--- PROBLEM TO SOLVE ---
Each line below from the one containing "四個紅色主題站點分別位于地鐵" through the one containing "United Nations Development" should be output exactly as it stands, and no other line should appear.

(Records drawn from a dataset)
◇ ◇ ◇ ◇
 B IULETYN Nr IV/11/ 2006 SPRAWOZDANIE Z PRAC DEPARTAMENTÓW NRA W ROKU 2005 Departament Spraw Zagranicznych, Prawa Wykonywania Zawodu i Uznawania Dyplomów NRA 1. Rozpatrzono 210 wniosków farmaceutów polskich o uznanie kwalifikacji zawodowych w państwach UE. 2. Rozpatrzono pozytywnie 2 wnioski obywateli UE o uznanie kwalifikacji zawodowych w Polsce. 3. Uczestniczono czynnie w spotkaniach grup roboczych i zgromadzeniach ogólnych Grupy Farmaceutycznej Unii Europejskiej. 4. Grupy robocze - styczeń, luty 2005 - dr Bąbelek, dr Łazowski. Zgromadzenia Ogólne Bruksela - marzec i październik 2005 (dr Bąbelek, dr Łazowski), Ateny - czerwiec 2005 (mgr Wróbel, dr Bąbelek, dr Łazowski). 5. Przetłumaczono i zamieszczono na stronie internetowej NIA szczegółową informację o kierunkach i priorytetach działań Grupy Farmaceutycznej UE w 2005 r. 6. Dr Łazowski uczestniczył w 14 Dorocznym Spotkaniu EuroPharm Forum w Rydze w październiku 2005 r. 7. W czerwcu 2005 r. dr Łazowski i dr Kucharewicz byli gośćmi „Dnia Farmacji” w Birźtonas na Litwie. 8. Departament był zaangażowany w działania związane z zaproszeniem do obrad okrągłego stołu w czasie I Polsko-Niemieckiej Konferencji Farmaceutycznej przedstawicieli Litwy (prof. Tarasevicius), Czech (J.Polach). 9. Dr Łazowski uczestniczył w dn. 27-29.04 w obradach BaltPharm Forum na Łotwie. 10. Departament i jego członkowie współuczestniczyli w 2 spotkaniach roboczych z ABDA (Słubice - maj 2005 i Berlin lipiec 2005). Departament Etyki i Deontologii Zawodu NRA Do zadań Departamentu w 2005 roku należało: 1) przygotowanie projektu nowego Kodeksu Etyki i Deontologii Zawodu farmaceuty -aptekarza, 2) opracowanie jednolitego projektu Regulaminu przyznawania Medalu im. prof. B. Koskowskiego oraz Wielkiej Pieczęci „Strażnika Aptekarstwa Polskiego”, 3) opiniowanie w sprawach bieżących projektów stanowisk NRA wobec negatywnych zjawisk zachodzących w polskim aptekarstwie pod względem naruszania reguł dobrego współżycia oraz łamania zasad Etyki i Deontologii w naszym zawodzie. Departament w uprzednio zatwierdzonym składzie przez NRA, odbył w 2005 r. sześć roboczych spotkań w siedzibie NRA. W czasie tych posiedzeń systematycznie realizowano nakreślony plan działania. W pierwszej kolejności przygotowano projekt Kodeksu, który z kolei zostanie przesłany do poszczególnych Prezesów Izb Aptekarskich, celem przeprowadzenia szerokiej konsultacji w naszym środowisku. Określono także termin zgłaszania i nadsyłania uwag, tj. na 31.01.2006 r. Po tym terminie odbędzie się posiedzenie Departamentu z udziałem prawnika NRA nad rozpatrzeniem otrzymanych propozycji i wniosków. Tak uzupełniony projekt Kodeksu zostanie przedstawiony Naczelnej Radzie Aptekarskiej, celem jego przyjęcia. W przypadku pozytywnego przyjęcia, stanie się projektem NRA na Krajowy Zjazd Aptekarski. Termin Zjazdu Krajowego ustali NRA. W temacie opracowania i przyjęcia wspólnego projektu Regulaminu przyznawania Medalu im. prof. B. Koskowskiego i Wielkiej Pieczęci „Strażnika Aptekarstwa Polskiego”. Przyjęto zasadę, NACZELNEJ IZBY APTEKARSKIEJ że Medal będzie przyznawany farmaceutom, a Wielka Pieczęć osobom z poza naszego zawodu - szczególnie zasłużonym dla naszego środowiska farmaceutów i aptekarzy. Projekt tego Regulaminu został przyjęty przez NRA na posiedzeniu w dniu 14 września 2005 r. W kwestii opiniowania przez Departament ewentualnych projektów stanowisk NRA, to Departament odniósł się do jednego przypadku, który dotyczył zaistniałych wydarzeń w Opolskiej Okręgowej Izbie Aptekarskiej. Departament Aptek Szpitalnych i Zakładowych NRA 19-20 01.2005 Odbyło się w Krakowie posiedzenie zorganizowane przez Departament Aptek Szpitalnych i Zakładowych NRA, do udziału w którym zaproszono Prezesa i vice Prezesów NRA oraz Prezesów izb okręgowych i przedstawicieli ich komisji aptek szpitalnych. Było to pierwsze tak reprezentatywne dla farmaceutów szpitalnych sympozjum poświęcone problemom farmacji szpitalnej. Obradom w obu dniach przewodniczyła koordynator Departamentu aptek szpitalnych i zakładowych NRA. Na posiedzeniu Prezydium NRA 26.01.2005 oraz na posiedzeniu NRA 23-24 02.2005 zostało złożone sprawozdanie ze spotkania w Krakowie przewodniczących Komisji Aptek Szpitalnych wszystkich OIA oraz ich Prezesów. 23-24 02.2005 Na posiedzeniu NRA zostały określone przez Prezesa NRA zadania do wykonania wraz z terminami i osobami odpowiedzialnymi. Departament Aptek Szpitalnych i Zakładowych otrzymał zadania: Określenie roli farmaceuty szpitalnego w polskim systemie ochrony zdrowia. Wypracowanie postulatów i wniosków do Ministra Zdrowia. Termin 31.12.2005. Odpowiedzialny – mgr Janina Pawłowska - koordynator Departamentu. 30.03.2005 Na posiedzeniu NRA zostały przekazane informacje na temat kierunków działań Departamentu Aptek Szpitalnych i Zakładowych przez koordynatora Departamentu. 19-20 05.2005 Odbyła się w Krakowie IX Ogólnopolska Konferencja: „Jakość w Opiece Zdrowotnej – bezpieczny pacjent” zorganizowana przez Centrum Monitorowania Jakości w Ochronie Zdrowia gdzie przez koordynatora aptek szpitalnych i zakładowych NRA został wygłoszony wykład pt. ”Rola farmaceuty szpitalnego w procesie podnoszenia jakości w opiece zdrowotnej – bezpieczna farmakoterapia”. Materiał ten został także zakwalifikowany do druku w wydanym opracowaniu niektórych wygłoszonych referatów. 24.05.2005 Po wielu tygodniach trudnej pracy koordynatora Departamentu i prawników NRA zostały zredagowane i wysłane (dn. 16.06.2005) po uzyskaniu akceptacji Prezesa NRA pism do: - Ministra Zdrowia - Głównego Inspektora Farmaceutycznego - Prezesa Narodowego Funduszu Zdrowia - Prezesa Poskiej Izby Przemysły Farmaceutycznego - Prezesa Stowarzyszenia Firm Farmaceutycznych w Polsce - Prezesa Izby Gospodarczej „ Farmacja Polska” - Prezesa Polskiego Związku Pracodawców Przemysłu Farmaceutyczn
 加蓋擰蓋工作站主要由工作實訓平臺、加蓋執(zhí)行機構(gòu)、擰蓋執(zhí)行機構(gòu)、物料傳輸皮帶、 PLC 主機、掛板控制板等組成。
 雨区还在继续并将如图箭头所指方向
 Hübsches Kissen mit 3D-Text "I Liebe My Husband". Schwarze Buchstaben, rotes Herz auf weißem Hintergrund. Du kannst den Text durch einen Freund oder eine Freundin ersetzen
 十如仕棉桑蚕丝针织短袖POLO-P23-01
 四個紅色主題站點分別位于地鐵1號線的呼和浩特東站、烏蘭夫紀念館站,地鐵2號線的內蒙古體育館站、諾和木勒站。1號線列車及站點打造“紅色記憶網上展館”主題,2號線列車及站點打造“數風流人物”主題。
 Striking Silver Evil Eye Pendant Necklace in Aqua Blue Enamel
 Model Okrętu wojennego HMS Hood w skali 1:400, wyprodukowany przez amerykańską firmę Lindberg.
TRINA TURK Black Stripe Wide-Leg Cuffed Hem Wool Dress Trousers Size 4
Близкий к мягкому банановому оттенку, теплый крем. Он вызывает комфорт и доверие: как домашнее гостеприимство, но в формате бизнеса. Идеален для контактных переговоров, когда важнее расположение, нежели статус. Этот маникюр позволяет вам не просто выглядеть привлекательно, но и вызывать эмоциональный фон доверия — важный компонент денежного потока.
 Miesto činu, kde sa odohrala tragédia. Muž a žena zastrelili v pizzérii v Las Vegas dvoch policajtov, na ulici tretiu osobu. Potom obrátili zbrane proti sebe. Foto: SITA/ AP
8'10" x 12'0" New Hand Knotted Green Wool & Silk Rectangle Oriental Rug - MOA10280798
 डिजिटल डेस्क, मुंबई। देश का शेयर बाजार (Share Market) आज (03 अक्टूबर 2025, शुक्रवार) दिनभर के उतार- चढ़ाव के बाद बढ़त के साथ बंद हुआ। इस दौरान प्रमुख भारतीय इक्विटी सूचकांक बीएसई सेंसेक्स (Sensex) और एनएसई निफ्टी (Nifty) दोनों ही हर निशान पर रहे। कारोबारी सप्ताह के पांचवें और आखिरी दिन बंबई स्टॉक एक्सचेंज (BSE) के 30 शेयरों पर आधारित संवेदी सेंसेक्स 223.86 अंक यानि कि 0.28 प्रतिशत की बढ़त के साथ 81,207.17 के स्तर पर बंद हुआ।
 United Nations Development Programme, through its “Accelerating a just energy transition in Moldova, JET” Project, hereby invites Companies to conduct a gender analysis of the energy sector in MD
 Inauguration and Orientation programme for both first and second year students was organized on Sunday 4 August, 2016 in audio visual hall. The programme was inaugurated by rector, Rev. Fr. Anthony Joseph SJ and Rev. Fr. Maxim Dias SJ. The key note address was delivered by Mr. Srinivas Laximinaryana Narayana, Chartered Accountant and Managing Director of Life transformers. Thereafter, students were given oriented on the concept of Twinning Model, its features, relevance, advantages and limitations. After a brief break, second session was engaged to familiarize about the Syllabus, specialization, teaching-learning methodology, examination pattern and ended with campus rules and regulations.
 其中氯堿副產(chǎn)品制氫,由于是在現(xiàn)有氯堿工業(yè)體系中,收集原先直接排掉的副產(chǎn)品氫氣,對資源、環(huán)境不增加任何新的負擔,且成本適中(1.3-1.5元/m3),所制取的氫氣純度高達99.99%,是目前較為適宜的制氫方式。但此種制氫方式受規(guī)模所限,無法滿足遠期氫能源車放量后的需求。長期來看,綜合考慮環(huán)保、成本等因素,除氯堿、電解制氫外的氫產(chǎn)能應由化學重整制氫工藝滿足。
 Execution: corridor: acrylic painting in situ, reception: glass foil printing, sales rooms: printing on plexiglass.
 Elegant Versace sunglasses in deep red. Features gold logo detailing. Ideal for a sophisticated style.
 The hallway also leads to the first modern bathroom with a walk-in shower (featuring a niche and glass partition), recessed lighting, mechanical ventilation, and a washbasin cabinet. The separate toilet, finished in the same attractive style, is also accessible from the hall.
◇ ◇ ◇ ◇
--- REPLY TO THE EXERCISE ---
 四個紅色主題站點分別位于地鐵1號線的呼和浩特東站、烏蘭夫紀念館站,地鐵2號線的內蒙古體育館站、諾和木勒站。1號線列車及站點打造“紅色記憶網上展館”主題,2號線列車及站點打造“數風流人物”主題。
 Striking Silver Evil Eye Pendant Necklace in Aqua Blue Enamel
 Model Okrętu wojennego HMS Hood w skali 1:400, wyprodukowany przez amerykańską firmę Lindberg.
TRINA TURK Black Stripe Wide-Leg Cuffed Hem Wool Dress Trousers Size 4
Близкий к мягкому банановому оттенку, теплый крем. Он вызывает комфорт и доверие: как домашнее гостеприимство, но в формате бизнеса. Идеален для контактных переговоров, когда важнее расположение, нежели статус. Этот маникюр позволяет вам не просто выглядеть привлекательно, но и вызывать эмоциональный фон доверия — важный компонент денежного потока.
 Miesto činu, kde sa odohrala tragédia. Muž a žena zastrelili v pizzérii v Las Vegas dvoch policajtov, na ulici tretiu osobu. Potom obrátili zbrane proti sebe. Foto: SITA/ AP
8'10" x 12'0" New Hand Knotted Green Wool & Silk Rectangle Oriental Rug - MOA10280798
 डिजिटल डेस्क, मुंबई। देश का शेयर बाजार (Share Market) आज (03 अक्टूबर 2025, शुक्रवार) दिनभर के उतार- चढ़ाव के बाद बढ़त के साथ बंद हुआ। इस दौरान प्रमुख भारतीय इक्विटी सूचकांक बीएसई सेंसेक्स (Sensex) और एनएसई निफ्टी (Nifty) दोनों ही हर निशान पर रहे। कारोबारी सप्ताह के पांचवें और आखिरी दिन बंबई स्टॉक एक्सचेंज (BSE) के 30 शेयरों पर आधारित संवेदी सेंसेक्स 223.86 अंक यानि कि 0.28 प्रतिशत की बढ़त के साथ 81,207.17 के स्तर पर बंद हुआ।
 United Nations Development Programme, through its “Accelerating a just energy transition in Moldova, JET” Project, hereby invites Companies to conduct a gender analysis of the energy sector in MD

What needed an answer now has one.